Salgın hastalıklar gelecekte hayatımızda sıklıkla var olacak gibi duruyor. COVID-19 pandemisi ile başlayan bu yeni döneme hazırlıksız yakalanan insanoğlu başlangıçta ciddi kayıplar verdi. COVID-19 salgınında dünyada bugüne kadar 6,3 milyondan fazla insan hayatını kaybetti. Hâlen 532 milyon insan COVID-19’un semptomlarıyla mücadele etmeye devam ediyor.

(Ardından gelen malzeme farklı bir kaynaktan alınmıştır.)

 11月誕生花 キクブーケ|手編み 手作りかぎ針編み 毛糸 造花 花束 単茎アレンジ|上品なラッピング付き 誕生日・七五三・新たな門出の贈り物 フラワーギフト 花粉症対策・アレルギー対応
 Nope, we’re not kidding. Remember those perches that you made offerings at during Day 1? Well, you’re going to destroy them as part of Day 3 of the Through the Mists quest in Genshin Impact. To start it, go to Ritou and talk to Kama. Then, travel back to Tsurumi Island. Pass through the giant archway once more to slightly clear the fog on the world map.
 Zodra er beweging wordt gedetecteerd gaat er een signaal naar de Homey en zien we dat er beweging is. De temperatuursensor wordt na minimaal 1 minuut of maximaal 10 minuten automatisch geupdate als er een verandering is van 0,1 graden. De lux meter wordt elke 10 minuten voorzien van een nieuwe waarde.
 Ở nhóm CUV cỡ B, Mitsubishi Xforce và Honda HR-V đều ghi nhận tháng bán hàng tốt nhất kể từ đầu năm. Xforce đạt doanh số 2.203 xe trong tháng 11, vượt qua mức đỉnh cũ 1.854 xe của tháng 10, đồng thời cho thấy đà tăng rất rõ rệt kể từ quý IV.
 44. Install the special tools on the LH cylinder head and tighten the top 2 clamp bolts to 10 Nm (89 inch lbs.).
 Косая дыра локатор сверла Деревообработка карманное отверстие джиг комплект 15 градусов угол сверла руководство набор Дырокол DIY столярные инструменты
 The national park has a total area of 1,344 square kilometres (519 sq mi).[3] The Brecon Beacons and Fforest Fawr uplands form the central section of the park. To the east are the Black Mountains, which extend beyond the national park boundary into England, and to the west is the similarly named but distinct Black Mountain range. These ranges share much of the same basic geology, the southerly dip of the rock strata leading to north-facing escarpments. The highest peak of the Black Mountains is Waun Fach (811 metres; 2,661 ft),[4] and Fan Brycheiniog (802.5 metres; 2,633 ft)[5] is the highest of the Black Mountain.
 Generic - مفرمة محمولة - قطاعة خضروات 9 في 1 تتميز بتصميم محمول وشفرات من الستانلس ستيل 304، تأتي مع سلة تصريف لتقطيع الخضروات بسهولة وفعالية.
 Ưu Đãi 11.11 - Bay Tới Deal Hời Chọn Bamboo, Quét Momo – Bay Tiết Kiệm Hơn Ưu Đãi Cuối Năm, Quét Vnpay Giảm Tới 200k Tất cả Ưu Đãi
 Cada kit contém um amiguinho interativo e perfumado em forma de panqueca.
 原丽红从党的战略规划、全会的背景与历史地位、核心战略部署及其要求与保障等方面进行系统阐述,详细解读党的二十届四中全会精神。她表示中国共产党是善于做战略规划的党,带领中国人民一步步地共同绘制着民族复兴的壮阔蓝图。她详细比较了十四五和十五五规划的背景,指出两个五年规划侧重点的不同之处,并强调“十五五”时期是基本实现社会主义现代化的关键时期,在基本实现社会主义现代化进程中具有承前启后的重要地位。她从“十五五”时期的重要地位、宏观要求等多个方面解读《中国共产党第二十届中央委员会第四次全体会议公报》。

Teknolojinin hayatımıza kattığı hızın her alanda olduğu gibi sağlık araştırmalarında da getirdiği faydalar, yeni salgın hastalıklara karşı daha düzenli ve sistemli bir savunma hattı oluşturulmasını sağlayabiliyor. Yapay zekâ çok hızlı analizlerle salgın olasılığı olan bölgeleri tespit ederken, virüs ve bakteri araştırmalarında çokuluslu çalışmalar büyük veri uygulamalarıyla toplanarak karşılaştırılabiliyor. Akıllı şehirler insanları güvenli bölgelere yönlendirirken karantina gereken bölgelerin sınırlarının doğru bir şekilde belirlenmesi sağlanıyor. Teknoloji doğru yerde ve doğru zamanda kullanılırsa yeni salgınlar büyümeden durdurulabilir. Yapay zekâ ve büyük veri ile desteklenen araştırmacılar virüsleri ve bakterileri hızla analiz edebilir ve aşı yöntemleri geliştirebilir. Geliştirilen yeni tedavi yöntemlerinin sonuçları küresel ölçekte bütün araştırmacılara ulaştırılarak hastalar üzerinde ortaya çıkabilen farklı sonuçlar veya yan etkiler benzeri görülmemiş bir hızla belirlenerek paylaşılabilir. Çağımızın en önemli teknolojilerinden biri olan yapay zekâ ve bu teknolojiyi destekleyen büyük veri insanlığın salgın hastalıklarla savaşında en önemli silahlardan biri hâline gelerek değerini daha da artırabilir.